The pipelines often reuse a single set of machines for multiple distributed functions to avoid the overhead of starting up and tearing down machines and clusters.

The run_parallel function returned from the prun.start function enables running on jobs in the parallel on the created machines. The ipython wrapper code contains examples of implementing this. It is a simple function that takes two arguments, the name of the function to run and a set of multiple arguments to pass to that function:

def run(fn_name, items):

The items arguments need to be strings, lists and dictionaries to allow serialization to JSON format. The internals of the run function take care of running all of the code in parallel and returning the results back to the caller function.

In this setup, the main processing code is fully independent from the parallel method used so running on a single multicore machine or in parallel on a cluster return identical results and require no changes to the logical code defining the pipeline.

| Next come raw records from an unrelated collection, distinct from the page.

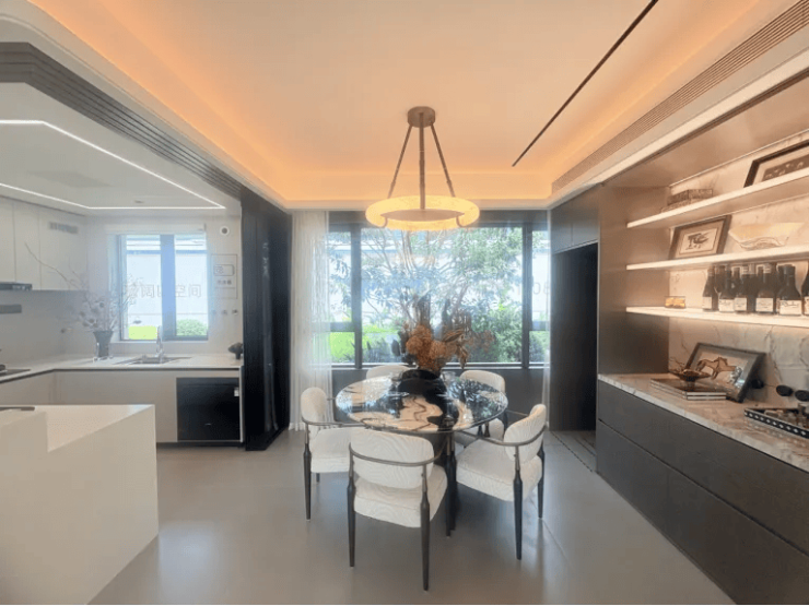 LDKG一体化设计(客厅+餐厅+厨房+阳台):动线流畅,家庭互动无阻隔,逢年过节开家宴也毫不局促。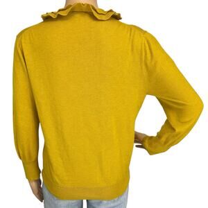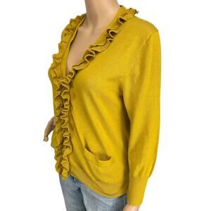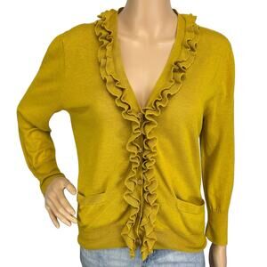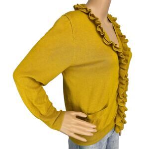 J. Crew Wool Blend Ruffled Cardigan Sweater Mustard Yellow 29003 Size L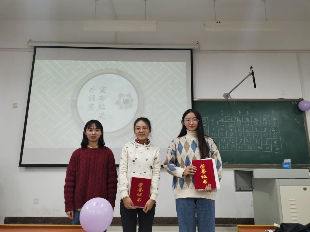 精彩的文艺表演过后,紧接着是下半场比赛。最后半场比赛中,选手们积极抢答,各显神通,比赛达到高潮阶段。欣赏完由李佳霖、纪王迪、陈照齐演唱的歌曲后,比赛的最终结果揭晓。宋婉昕、尼佳美、李谣、黄雪帆获一等奖,宋超、武星华、王禛、吴叶涵、孙汇颖、孙雨琦、孔丽君、马俊敏获二等奖,王子文、荣亚楠、王春雪、孙月妍、黄超、郭梦雨、高云娜、冯路瑶获三等奖,并由评委为获奖选手颁发奖品和证书。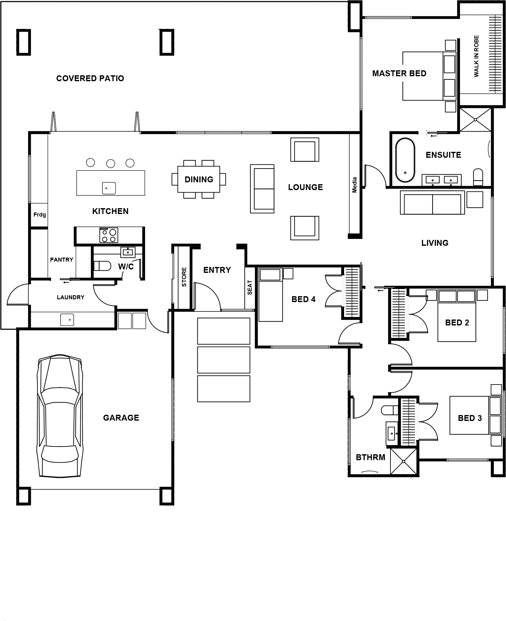 We like this design so much we're building a showhome in Taranaki to these plans. A spacious home with open plan living and dining. The master, with its generously sized ensuite and walk in wardrobe is separated from the kids rooms by a family lounge.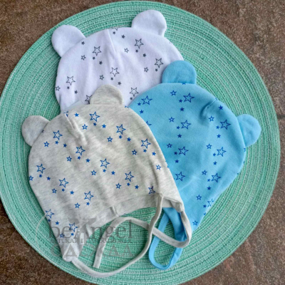 Шапка "Зірки" 449Т на зав'язках, трикотажна, подвійна (20571)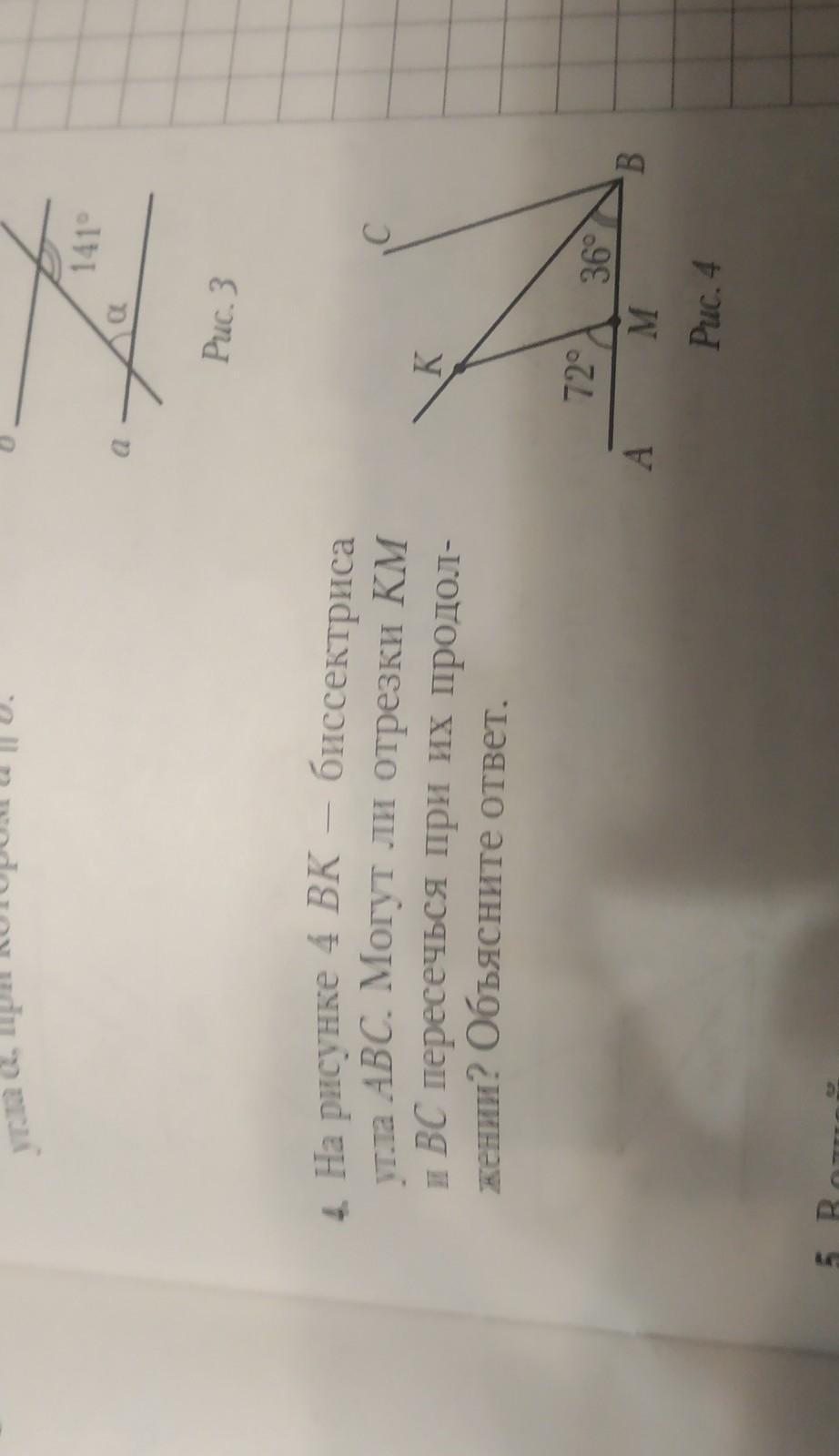 ∠АВС = ∠АМК = 72° ⇒ КМ || ВС ⇒ прямые не пересекутся.

During re-runs, we avoid the expense of spinning up processing clusters for completed tasks using simple checkpoint files in the checkpoints_parallel directory. The prun.start wrapper writes these on completion of processing for a group of tasks with the same parallel architecture, and on subsequent runs will go through these on the local machine instead of parallelizing. The processing code supports these quick re-runs by checking for and avoiding re-running of tasks when it finds output files.

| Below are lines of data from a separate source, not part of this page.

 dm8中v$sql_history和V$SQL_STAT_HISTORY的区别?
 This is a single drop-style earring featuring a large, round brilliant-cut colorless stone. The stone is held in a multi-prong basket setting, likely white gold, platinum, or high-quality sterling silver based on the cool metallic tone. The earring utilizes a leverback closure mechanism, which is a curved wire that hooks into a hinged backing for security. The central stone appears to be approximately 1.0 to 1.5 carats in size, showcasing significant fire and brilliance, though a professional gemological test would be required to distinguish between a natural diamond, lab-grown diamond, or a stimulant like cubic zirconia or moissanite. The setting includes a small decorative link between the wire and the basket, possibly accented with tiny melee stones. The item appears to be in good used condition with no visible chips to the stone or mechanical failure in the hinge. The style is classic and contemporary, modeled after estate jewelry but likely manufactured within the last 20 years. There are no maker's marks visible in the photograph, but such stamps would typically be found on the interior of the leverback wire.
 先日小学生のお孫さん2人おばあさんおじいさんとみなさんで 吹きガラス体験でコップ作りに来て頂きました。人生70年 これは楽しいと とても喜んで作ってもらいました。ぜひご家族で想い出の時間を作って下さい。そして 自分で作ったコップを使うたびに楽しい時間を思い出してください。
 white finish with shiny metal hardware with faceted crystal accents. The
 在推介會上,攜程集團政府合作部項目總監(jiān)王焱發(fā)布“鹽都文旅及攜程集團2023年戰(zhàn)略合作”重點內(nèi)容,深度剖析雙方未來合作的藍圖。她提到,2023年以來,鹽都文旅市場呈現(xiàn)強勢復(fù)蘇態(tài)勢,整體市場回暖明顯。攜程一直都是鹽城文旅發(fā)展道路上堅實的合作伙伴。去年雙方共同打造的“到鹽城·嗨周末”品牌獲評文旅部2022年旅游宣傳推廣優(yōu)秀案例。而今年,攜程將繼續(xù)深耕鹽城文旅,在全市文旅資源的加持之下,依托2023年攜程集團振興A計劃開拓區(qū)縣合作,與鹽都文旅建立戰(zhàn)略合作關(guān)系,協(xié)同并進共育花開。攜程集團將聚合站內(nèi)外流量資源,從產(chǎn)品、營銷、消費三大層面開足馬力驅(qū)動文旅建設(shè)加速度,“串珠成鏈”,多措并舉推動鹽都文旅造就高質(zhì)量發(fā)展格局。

Plugging new parallelization approaches into this framework involves writing interface code that handles the two steps. First, create a cluster of ready to run machines given the parallel function with expected core and memory utilization:

  • num_jobs – Total number of machines to start.
  • cores_per_job – Number of cores available on each machine.
  • mem – Expected memory needed for each machine. Divide by cores_per_job to get the memory usage per core on a machine.

Second, implement a run_parallel function that handles using these resources to distribute jobs and return results. The multicore wrapper and ipython wrapper are useful starting points for understanding the current implementations.